Later in March, Mr. Iksil became despondent as the losses mounted. “It is over/it is hopeless now…I tell you, they are going to trash/destroy us,” he says in one message to a colleague. Ms. Drew also became alarmed as she learned that the size of the positions was growing. “Ina is freaking,” said one risk manager, referring to Ms. Drew.
Ms. Drew and lawyers for Messrs. Iksil and Macris couldn’t be reached for comment.
J.P. Morgan has acknowledged in its own reports on the trading fiasco that some expressed concerns about the portfolio as early as January 2012 and traders placed inaccurate values on certain positions as they debated the size of the losses in late March and early April.
But the Senate report alleges that traders began hiding these losses as early as January 2012 and the bank didn’t have a problem with how the positions were being treated. A May 10 internal assessment from the bank’s controller concluded that the pricing decisions were “consistent with industry practices.”
J.P. Morgan has acknowledged it didn’t have the necessary limits in place to catch the mounting problems.
But the Senate panel concludes J.P. Morgan disregarded multiple warnings. Of the five big risk measures that are tracked almost continuously at the bank, all five were breached during the first three months of 2012. From Jan. 1 through April 30, the measures were breached more than 330 times.

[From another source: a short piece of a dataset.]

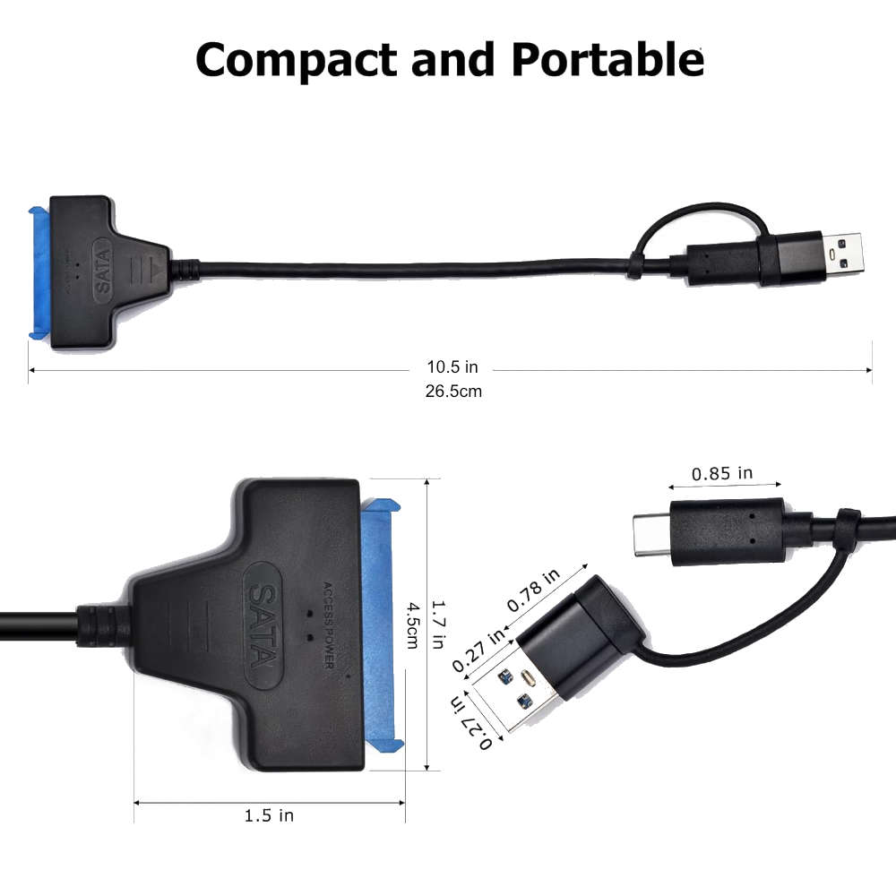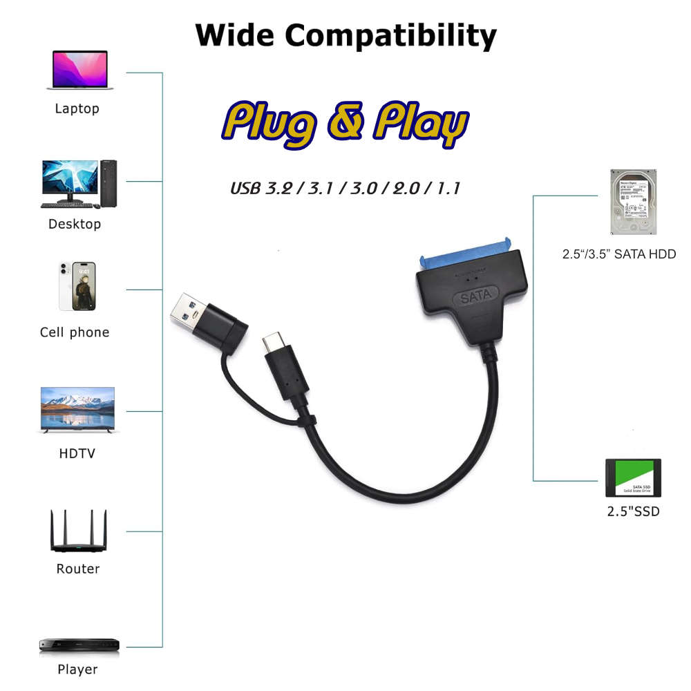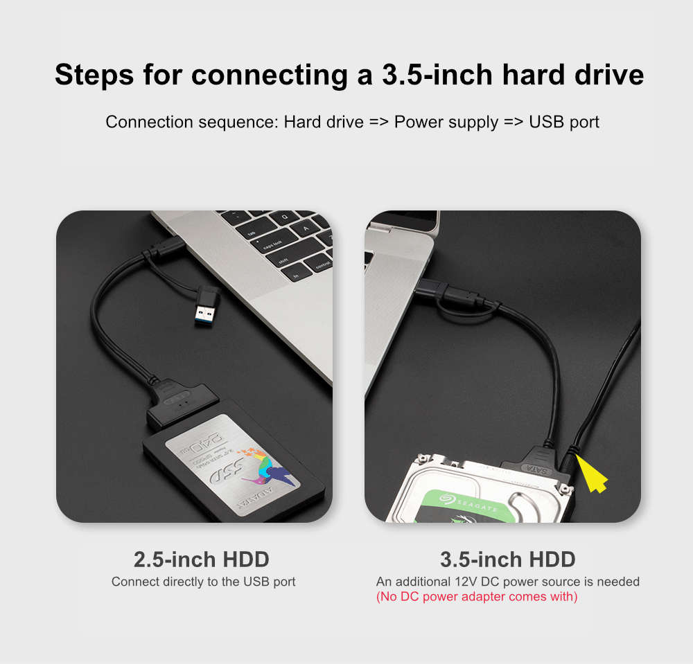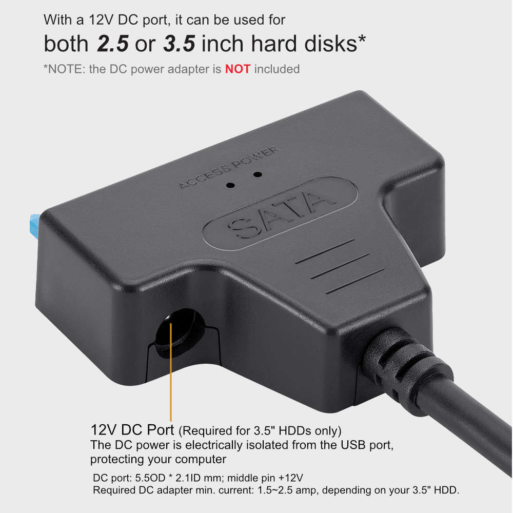 SATA Hard Drive to USB 3.0 (Type C or A) Adapter with DC Port

In February 2012, a warning system known as the Comprehensive Risk Measure showed the portfolio could incur a yearly loss of $6.3 billion, the report said. Peter Weiland, who at the time was a top risk executive called the $6.3 billion estimate “garbage” in an email to one trader. But the head of the bank’s model risk group, C.S. Venkatakrishnan, defended the model and attributed the sizable figure to the additional positions taken in the portfolio. He communicated that in an email to Ms. Drew and chief risk officer John Hogan, among others.
On April 10, when the total losses in the portfolio climbed above $1 billion for the first time due to a one day loss of $412 million, Chief Financial Officer Douglas Braunstein said to Mr. Hogan in an email: “A bit more than we thought.”
Mr. Hogan replied: “Lovely.”
The OCC told the panel that J.P. Morgan provided “material misrepresentations” about the size of the losses and denied the positions had been valued unfairly despite disputes with counterparties about prices assigned to certain positions. Mr. Dimon was aware of the disputes, the panel’s report said.